Task to complete: Each entry should be repeated exactly. Its pictures should not be.
——
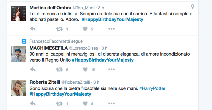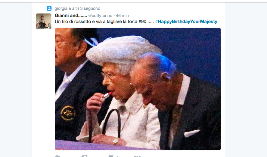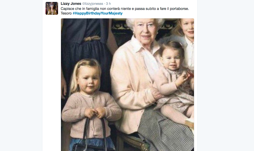 Twitter, in particolare, per tutto il giorno è stato bacheca di auguri arrivati da ogni angolo del pianeta. Tra il devoto, l’ironico e il divertito il mondo dell’uccellino blu si è stretto intorno alla Sovrana, “l’ultima vera donna politica d’Europa”, scrive qualcuno. “La mia nonna ideale”, aggiunge un altro. “Elisabetta sì che ha gli attributi” chiosa un terzo” e aggiunge un quarto: “Se incontrate una vecchina con il velo in testa che guida un Land Rover fatele gli auguri. E’ la Regina e compie gli anni”.
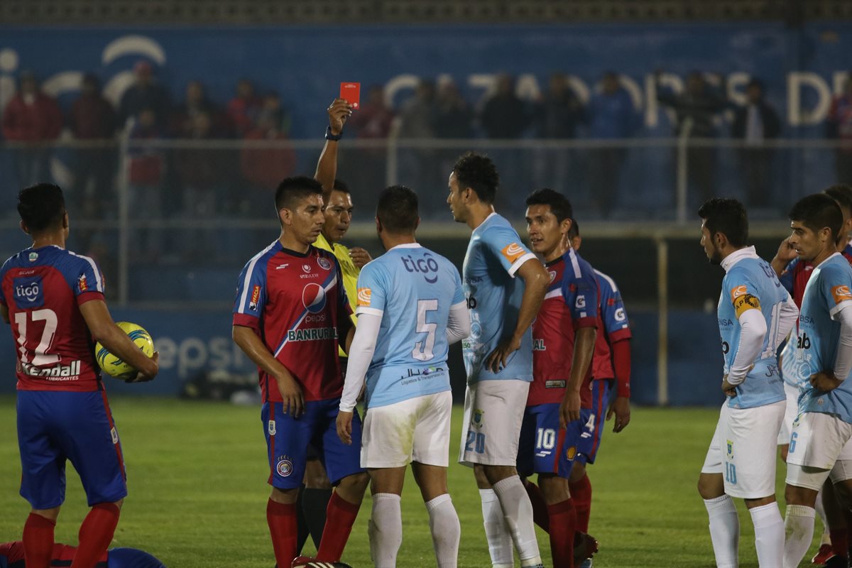 El equipo sanarateco se complicó minutos antes de terminar el primer tiempo cuando se quedó con diez jugadores por la expulsión de Sergio Jucúp, luego de intentar darle un cabezazo a Kristian Guzmán, defensa de Xelajú.
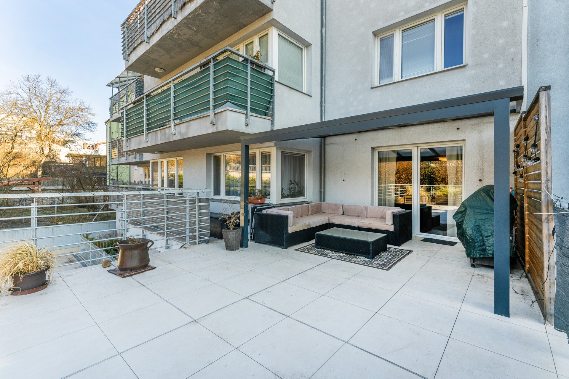 Terasa o rozloze 60,6 m² je skutečným klenotem tohoto bydlení a dostanete se na ni jak z obývacího pokoje, tak z ložnice. Nabízí dostatek místa pro venkovní nábytek, gril a dokonce i květinové záhony, což ji činí ideálním místem pro vytvoření vlastního malého ráje uprostřed města.
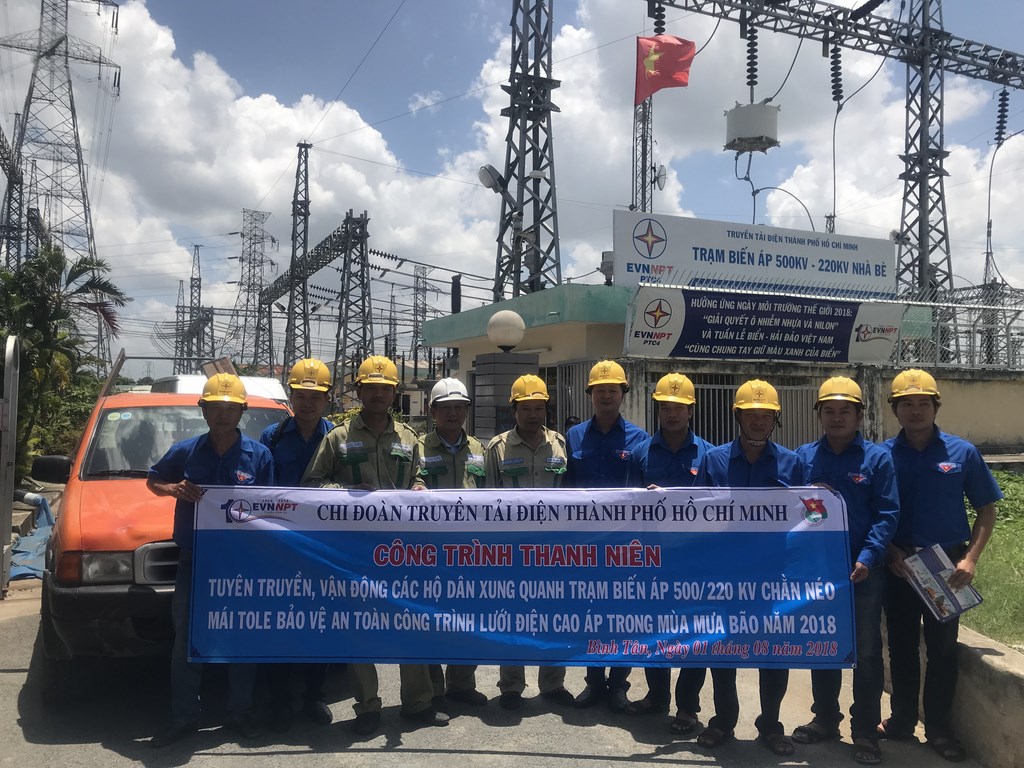 Hiện nay, thời tiết đang vào mùa mưa bão, diễn biến phức tạp, bất thường mưa kèm theo giông, lốc nguy cơ cuốn bay mái tôn, tấm bạt, nilon,... vào các Trạm biến áp, đường dây nên ngoài công tác tuyên truyền hành lang an toàn lưới điện cao áp, điểm nhấn trong chương trình lần này của Chi đoàn TTĐHCM là vận động và hỗ trợ người dân xung quanh các trạm biến áp trên địa bàn nêu trên thực hiện chằng néo, gia cố mái nhà, sắp xếp vật liệu,… để không bị gió lốc cuốn vào trạm biến áp hoặc đường dây gây sự cố. Nhờ sự hỗ trợ của lực lượng điều hành viên Trạm 500kV Nhà Bè để nhận định và đánh giá rủi ro về việc nhà dân xung quanh có thể tốc mái tôn, bay vào trạm biến áp, Chi đoàn TTĐHCM đã thực hiện giúp người dân chằng néo được 05 căn nhà.
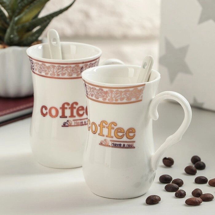 Кружка «Кофе», 100 мл, с ложкой, рисунок МИКС
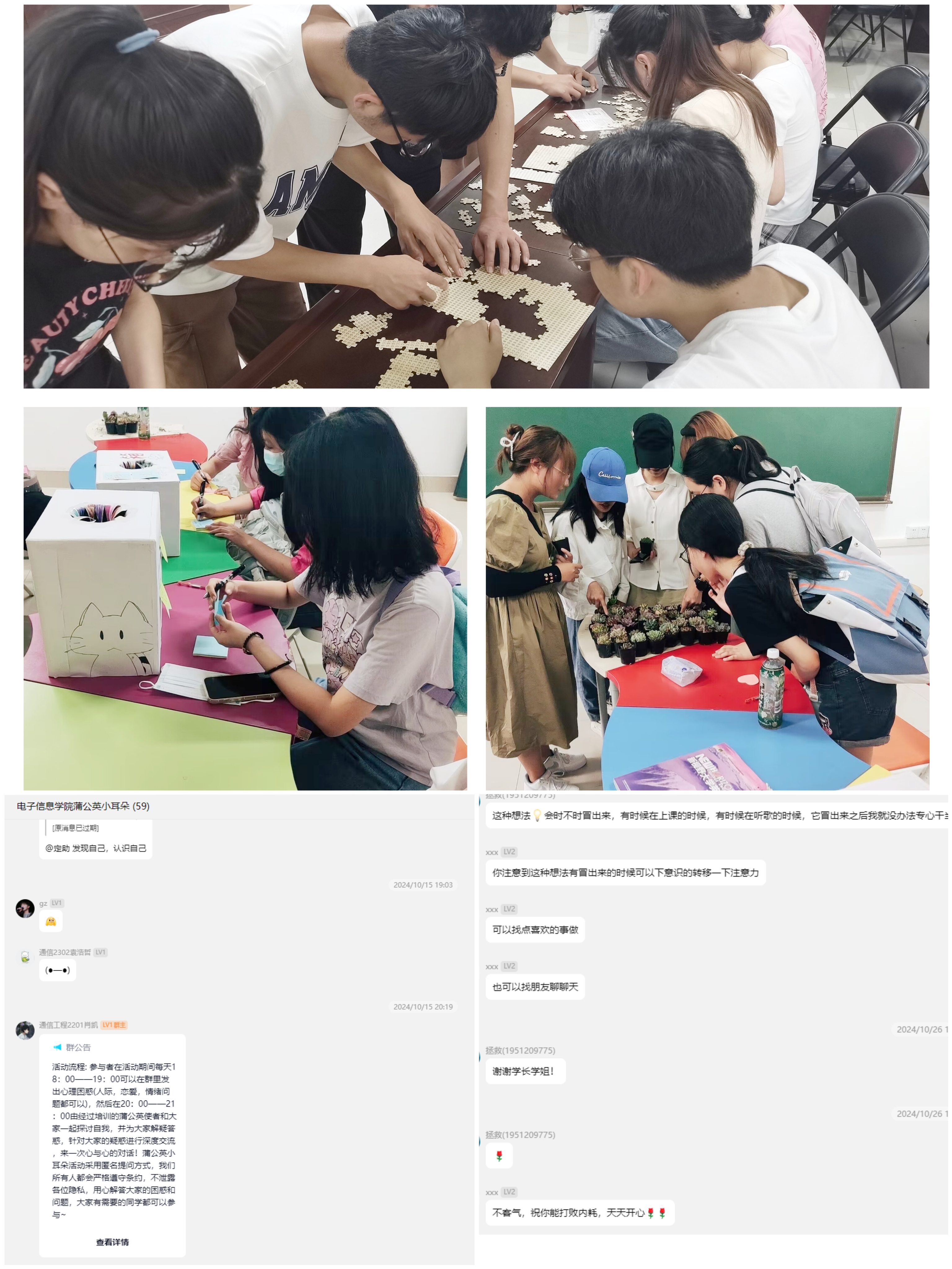 “心灵树洞”采用“线上+线下”双轨设计。线下,学院在心理工作室设置实体信箱,每周定期开放投递,针对收集的问题,策划主题讨论会。线上,心理骨干建立“蒲公英小耳朵”QQ群,采用匿名提问、共同回答的方式组织一次心与心的对话。所有群成员都要严格遵守条约,不泄露隐私,用心解答同学们的困惑和问题。参与者在活动期间每天18:00——19:00可以在群里发出心理困惑(人际、恋爱、情绪等问题),在20:00——21:00由经过培训的蒲公英使者为同学们答疑解惑,共同探讨自我。
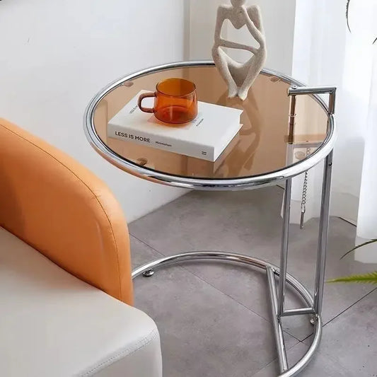 Transparent Tables Glass Creative Lift Coffee Table Simple Sofa Tables Nordic Designer C-Shaped Table Geometric Round Table
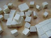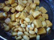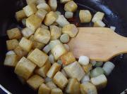 豆腐块以中火炸至金黄色,捞起沥干油。
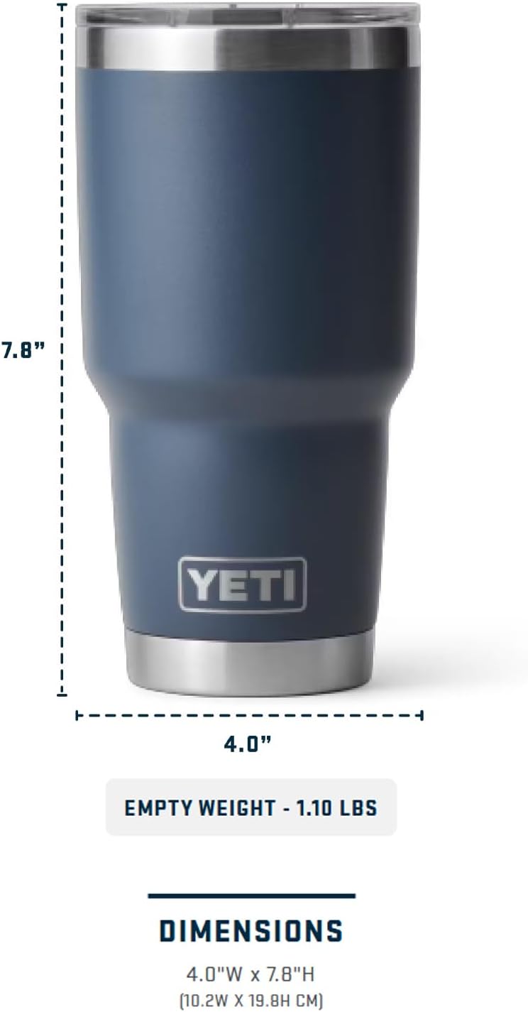 - The YETI 30 oz. Rambler Tumbler stands 7 5/8 in high and has a lip diameter of 4 in. All YETI 30 oz. Tumblers are sized to fit in standard sized cup holders.
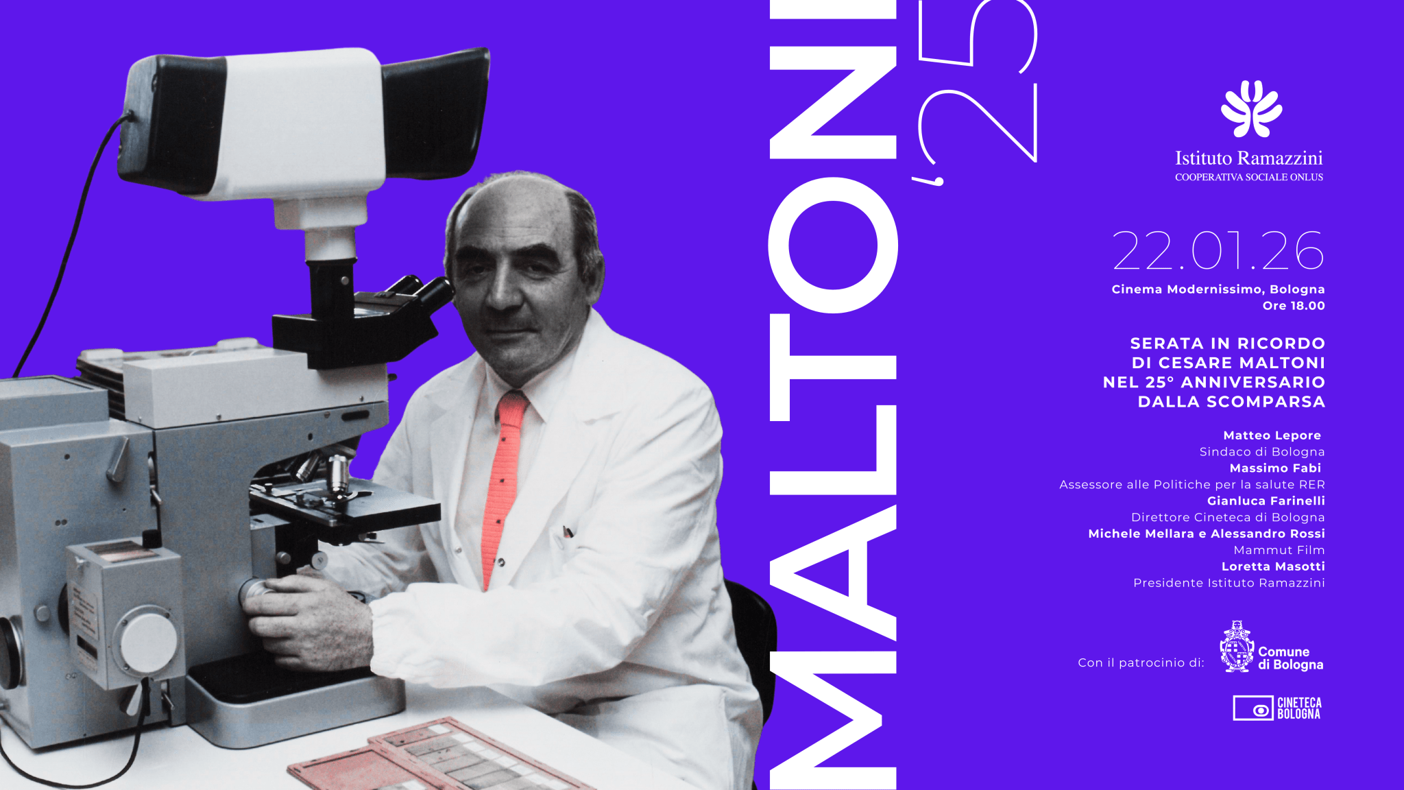 🎬 A seguire, proiezione del film “Vivere che rischio” di Michele Mellara e Alessandro Rossi, dedicato alla figura e all’eredità scientifica di Maltoni.
——
Exercise solution:
 Twitter, in particolare, per tutto il giorno è stato bacheca di auguri arrivati da ogni angolo del pianeta. Tra il devoto, l’ironico e il divertito il mondo dell’uccellino blu si è stretto intorno alla Sovrana, “l’ultima vera donna politica d’Europa”, scrive qualcuno. “La mia nonna ideale”, aggiunge un altro. “Elisabetta sì che ha gli attributi” chiosa un terzo” e aggiunge un quarto: “Se incontrate una vecchina con il velo in testa che guida un Land Rover fatele gli auguri. E’ la Regina e compie gli anni”.
 El equipo sanarateco se complicó minutos antes de terminar el primer tiempo cuando se quedó con diez jugadores por la expulsión de Sergio Jucúp, luego de intentar darle un cabezazo a Kristian Guzmán, defensa de Xelajú.
 Terasa o rozloze 60,6 m² je skutečným klenotem tohoto bydlení a dostanete se na ni jak z obývacího pokoje, tak z ložnice. Nabízí dostatek místa pro venkovní nábytek, gril a dokonce i květinové záhony, což ji činí ideálním místem pro vytvoření vlastního malého ráje uprostřed města.
 Hiện nay, thời tiết đang vào mùa mưa bão, diễn biến phức tạp, bất thường mưa kèm theo giông, lốc nguy cơ cuốn bay mái tôn, tấm bạt, nilon,... vào các Trạm biến áp, đường dây nên ngoài công tác tuyên truyền hành lang an toàn lưới điện cao áp, điểm nhấn trong chương trình lần này của Chi đoàn TTĐHCM là vận động và hỗ trợ người dân xung quanh các trạm biến áp trên địa bàn nêu trên thực hiện chằng néo, gia cố mái nhà, sắp xếp vật liệu,… để không bị gió lốc cuốn vào trạm biến áp hoặc đường dây gây sự cố. Nhờ sự hỗ trợ của lực lượng điều hành viên Trạm 500kV Nhà Bè để nhận định và đánh giá rủi ro về việc nhà dân xung quanh có thể tốc mái tôn, bay vào trạm biến áp, Chi đoàn TTĐHCM đã thực hiện giúp người dân chằng néo được 05 căn nhà.
 Кружка «Кофе», 100 мл, с ложкой, рисунок МИКС
 “心灵树洞”采用“线上+线下”双轨设计。线下,学院在心理工作室设置实体信箱,每周定期开放投递,针对收集的问题,策划主题讨论会。线上,心理骨干建立“蒲公英小耳朵”QQ群,采用匿名提问、共同回答的方式组织一次心与心的对话。所有群成员都要严格遵守条约,不泄露隐私,用心解答同学们的困惑和问题。参与者在活动期间每天18:00——19:00可以在群里发出心理困惑(人际、恋爱、情绪等问题),在20:00——21:00由经过培训的蒲公英使者为同学们答疑解惑,共同探讨自我。
 Transparent Tables Glass Creative Lift Coffee Table Simple Sofa Tables Nordic Designer C-Shaped Table Geometric Round Table
 豆腐块以中火炸至金黄色,捞起沥干油。
 - The YETI 30 oz. Rambler Tumbler stands 7 5/8 in high and has a lip diameter of 4 in. All YETI 30 oz. Tumblers are sized to fit in standard sized cup holders.
 🎬 A seguire, proiezione del film “Vivere che rischio” di Michele Mellara e Alessandro Rossi, dedicato alla figura e all’eredità scientifica di Maltoni.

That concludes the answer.